Intent/entity based NLU vs. GenAI/LLM based NLU: the difference is in the millions (of examples and dollars)

Xuchen Yao
Thursday, Mar 14, 2024

To all Directors of Customer Service or Marketing, if your boss ask you the following question, send them this article:

“Why is intent/entity based NLU outdated and LLM/GenAI is the obvious trend?”

Natural Language Understanding (NLU) systems aim to process and analyze natural language inputs, such as text or speech, in order to derive meaning, extract relevant information, and understand the underlying intent behind the communication. NLU is a fundamental component of various AI applications, including virtual assistants, chatbots, sentiment analysis tools, language translation systems, and more. It plays a critical role in enabling human-computer interaction and facilitating the development of intelligent systems capable of understanding and responding to natural language inputs.

This question comes from established clients who are re-thinking their IVR and chatbot approach. They are locked into the previous generation of NLU-based tech stack, usually offered by big tech players such as: Microsoft Bot Framework (or luis.ai), IBM Watson NLU, Google DialogFlow, Meta’s wit.ai, Amazon Lex, SAP Conversational AI, Nuance Mix NLU.

The challenge is that major clients such as insurance companies, financial institutes, governments, airlines/car dealerships, and other big deals have already deployed the last-gen technology. But because the intent/entity-based NLU is not scalable, clients have to spend hundreds of thousands to millions of dollars every year to maintain and upgrade their NLU system. This lack of scalability contributes to rising maintenance costs, ultimately benefiting last-gen NLU providers at the expense of their clients. Because they don’t scale, the maintenance cost is higher year over year.

Why does intent/entity-based NLU fail to scale effectively?

The primary reason lies in the model’s limited discriminative power. Here’s a breakdown of why this is the case:

Minimum Intents Requirement: NLU models require at least two distinct intents to train effectively. For instance, when asking about the weather, the intent might be clear, but underlying each query are multiple potential intents, such as a fallback or non-weather related inquiries like “how are you?”
Training Data Demands: Big tech companies typically demand thousands of positive examples per intent for effective training. This extensive dataset is necessary for the model to learn and discriminate between different intents accurately.
Balancing Positive and Negative Examples: Adding positive examples to one intent necessitates the inclusion of negative examples for other intents. This balanced approach ensures the NLU model can learn from both positive and negative instances effectively.
Diverse Example Sets: Both positive and negative examples must be diverse to prevent overfitting and enhance the model’s ability to generalize across different contexts.
Complexity of Adding New Intents: Adding a new intent to an existing NLU model involves a laborious process. Thousands of positive and negative examples must be added, followed by retraining the model to maintain its baseline performance. This process becomes increasingly challenging as the number of intents grows.

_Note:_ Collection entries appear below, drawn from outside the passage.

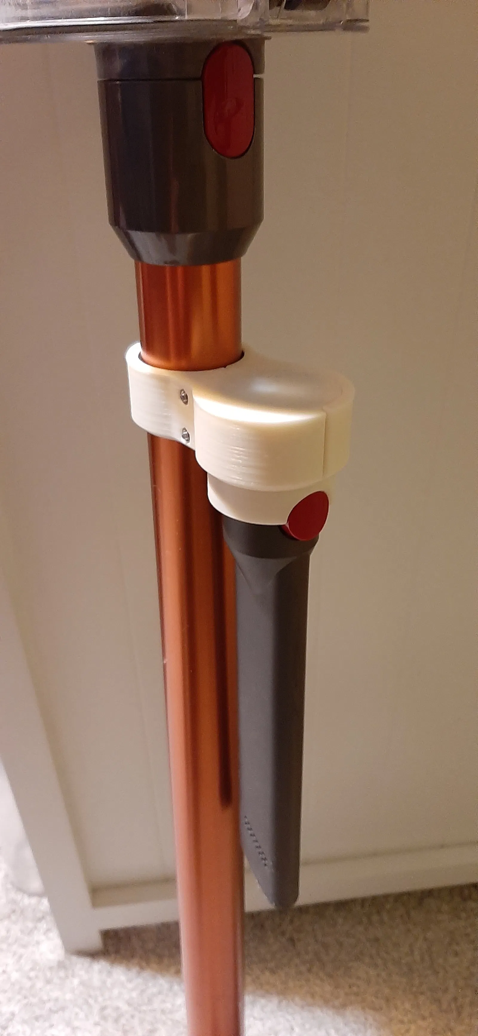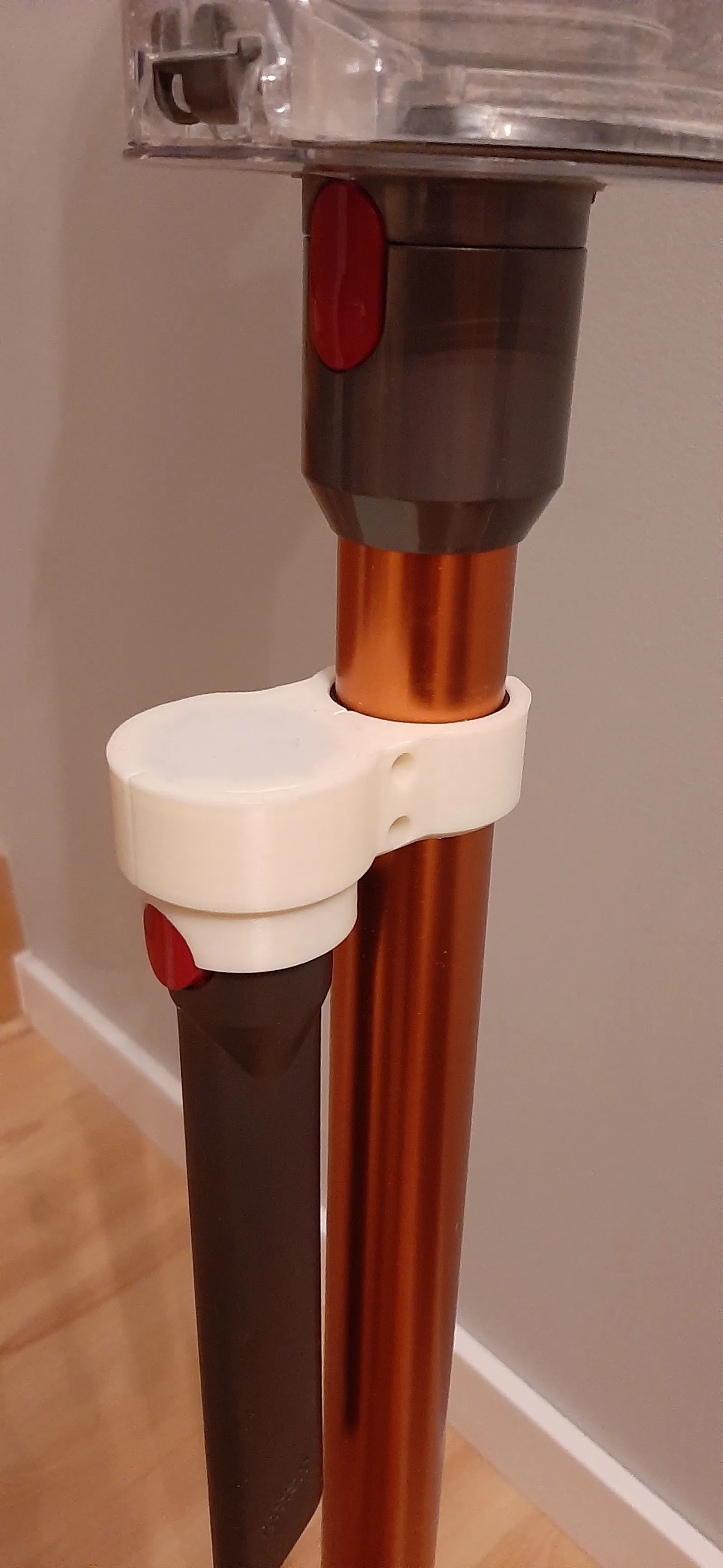 Giá đỡ để gắn thêm 1 phụ kiện/đầu hút Dyson không có electrical socket ngay trên máy hút bụi, giúp thao tác vệ sinh tiện hơn. Khuyên dùng tăng wall thickness, không cần support; có thể thêm miếng TPU/cao su chống trượt.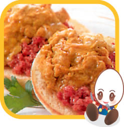 をよく混ぜ合わせておく。コンビーフは軽くほぐし、マフィンは半分に割って軽くトーストする。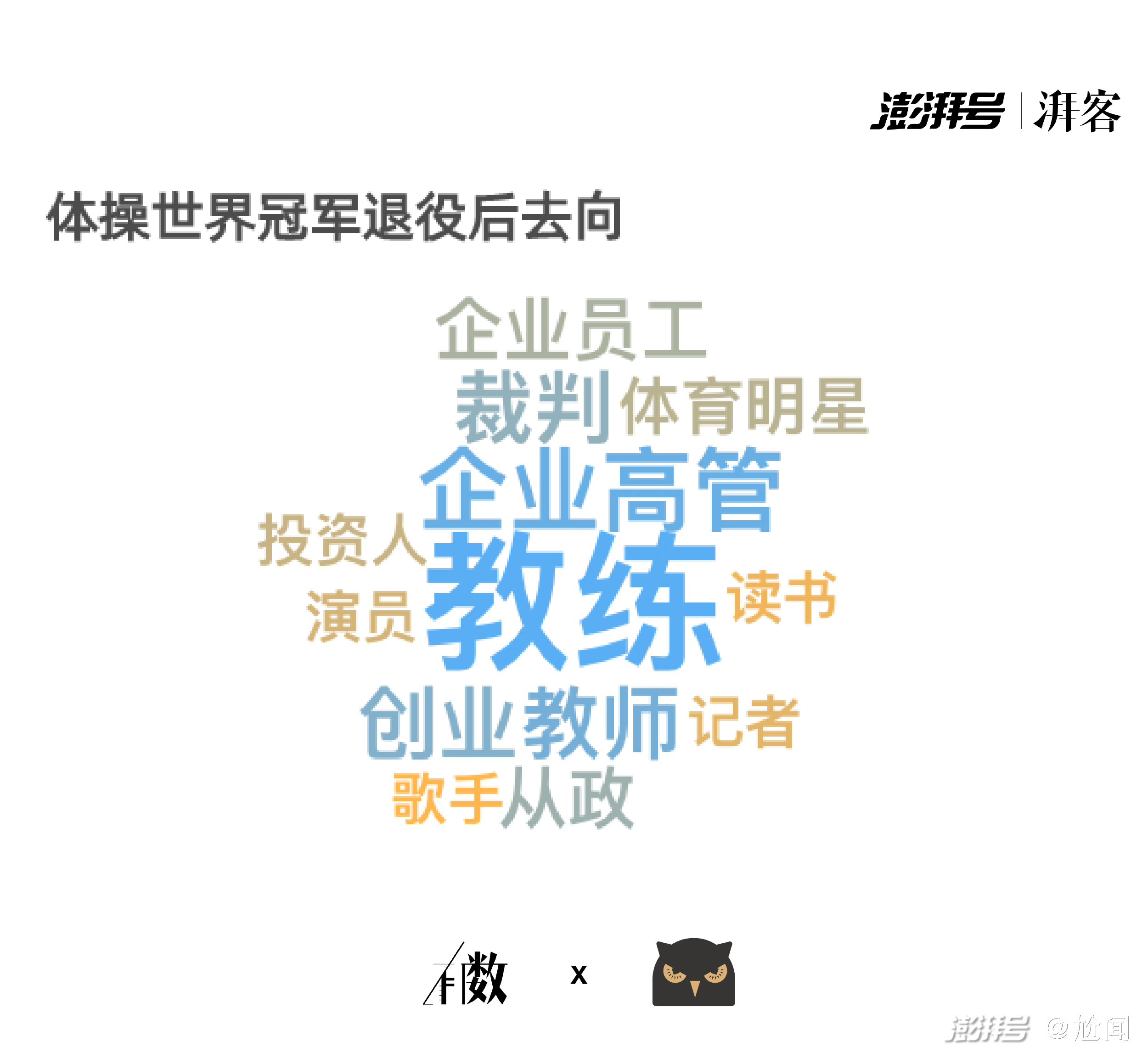 在这76位“上墙”的体操运动员中,退役后最多的选择是成为教练,占到近四成。此外,自主创业、从政行业,也成为了不少体操冠军运动员们的归宿。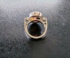 昨夜、帰宅したら、件の指輪が届いていました。 スターバーストは飛行石の雰囲気があると聞いていても、実際見ると、セラフィナイト寄りのラピスラズリと言った感じがしますし、空にも海にも見えて来ます。 人造宝石とは言うものの、将来下手すると幻の石になる可能性有りと聞いたもので、尚更購入決定した次第です。 石も造形も実にユニークで、これから大活躍の予感がします。 有難うございます。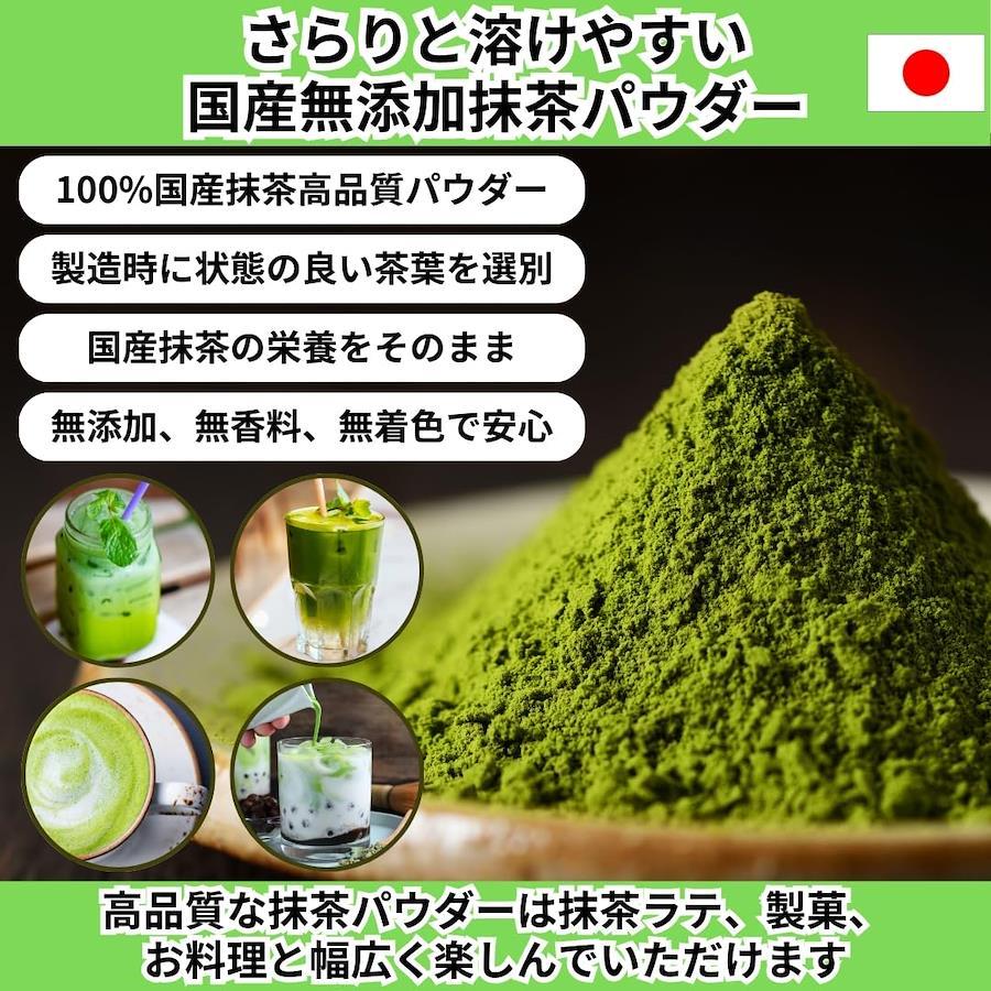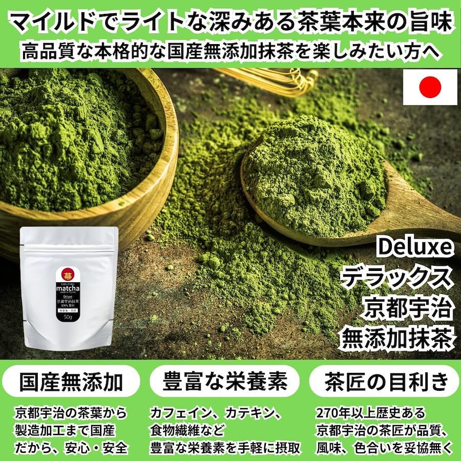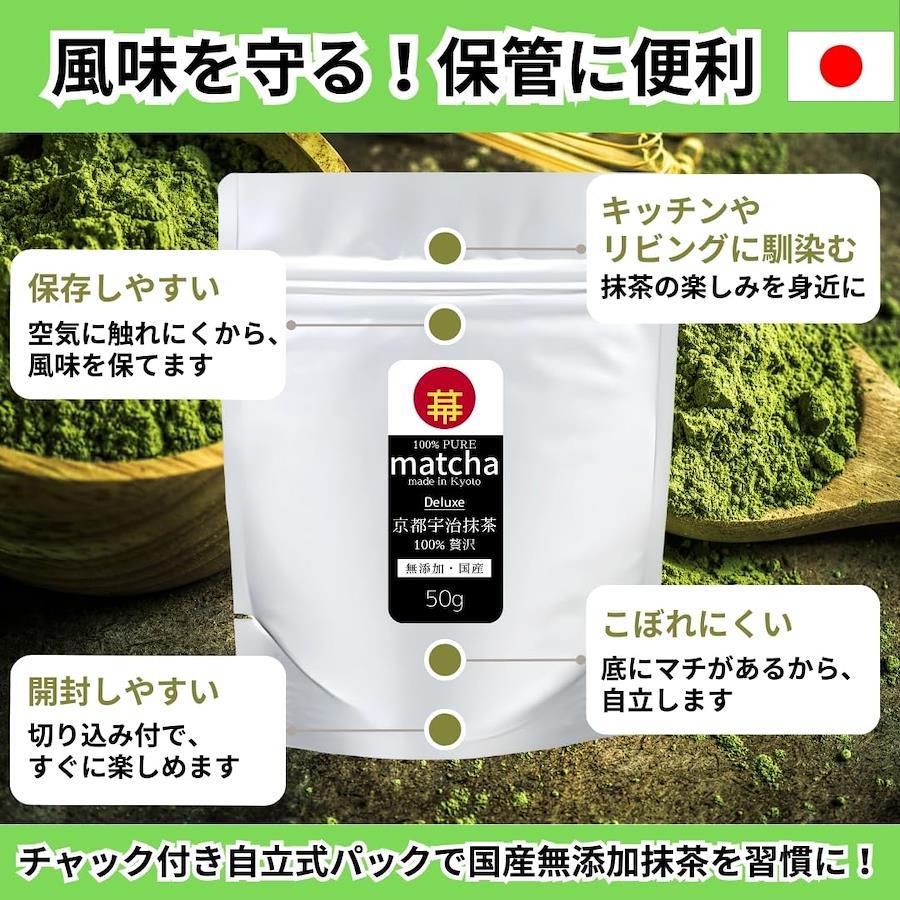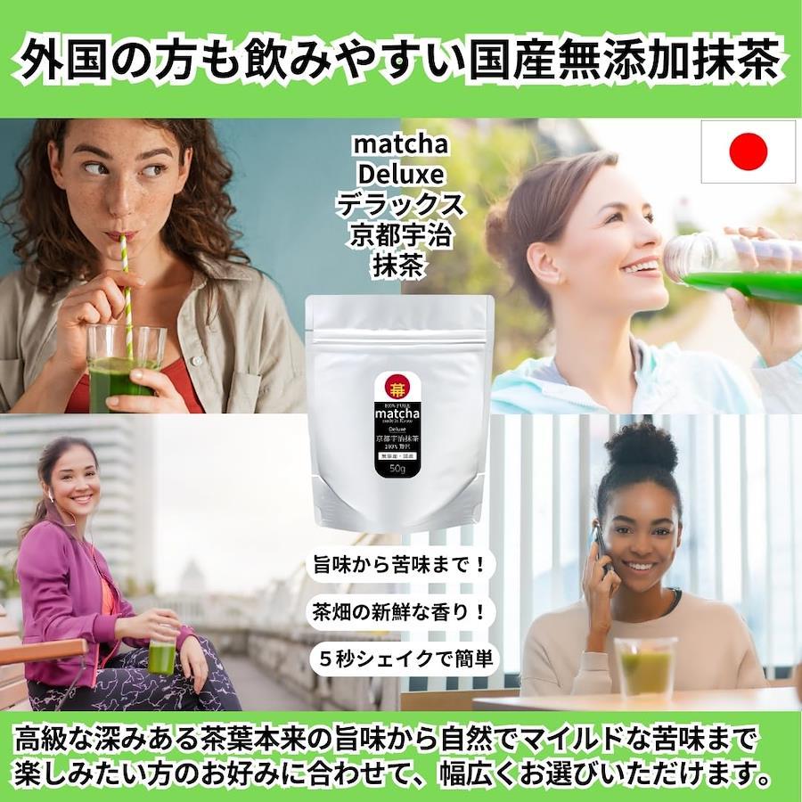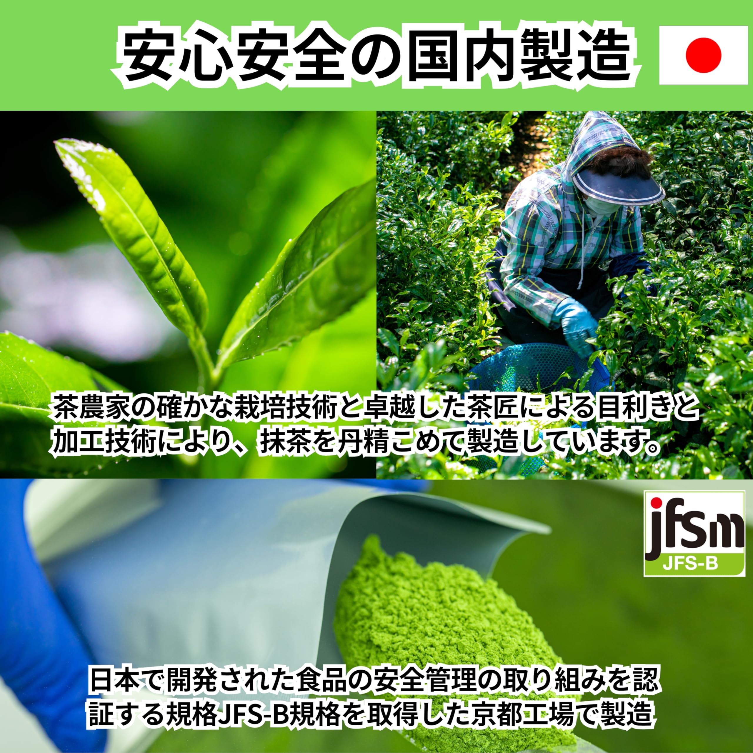 無添加抹茶:100%国産(京都宇治)?品質:抹茶をお楽しみいただけるように高品質の茶葉を使用?風味:爽やかな抹茶の香り渋味を抑えた贅沢な風味が特徴です。開けた瞬間から自然な抹茶の香りが広がります?製造:創業1751年江戸時代より続く伝統ある京都宇治茶の製茶卸問屋と協力し、製造?豊富な栄養素:茶葉をそのまま粉末にしているため、茶葉本来の栄養素を丸ごと摂取することができます。海外ではスーパーフードと話題?飲み方:5秒シェイクするだけで本格抹茶になります。とても簡単なので忙しい方でも続けやすいです。毎日の抹茶習慣を心身ともに“ととのう“リラックスする瞬間にしてください?カフェイン:コーヒーに代わる自然な飲み物をお探しの方やコーヒーが苦手な方におすすめ?軽量&コンパクト:酸味を感じにくいように品質保持のため、チャック付きのアルミ袋を使用。環境への負荷軽減【免責事項】メーカーによる商品リニューアルに伴いパッケージ(内容量も含む)変更が行われた場合、新パッケージでお届け致します事ご了承願います。

The Prescribing Effect: The Pitfall of Intent/Entity-Based NLU

The Prescribing Effect of Intent/entity based NLU

Analogous to the phenomenon in medicine known as a “prescribing cascade,” the scalability challenges of intent/entity-based NLU can be likened to a daunting cascade of prescriptions. Picture an elderly individual burdened with a plethora of daily medications, each prescribed to address the side effects of the previous one. This scenario is all too familiar, where the introduction of Medicine A leads to side effects necessitating the prescription of Medicine B to counteract them. However, Medicine B introduces its own set of side effects, prompting the need for Medicine C, and so on. Consequently, the elderly person finds themselves inundated with a mountain of pills to manage—a prescribing cascade.

Another illustrative metaphor is that of building a tower of blocks, with each block representing a medication. Initially, Medicine A is placed, but its instability (side effects) prompts the addition of Medicine B to stabilize it. However, this new addition may not integrate seamlessly, causing the tower to lean further (side effect of B). In an effort to rectify this instability, more blocks (Medications C, D, etc.) are added, exacerbating the tower’s instability and susceptibility to collapse—a representation of the potential health complications arising from multiple medications.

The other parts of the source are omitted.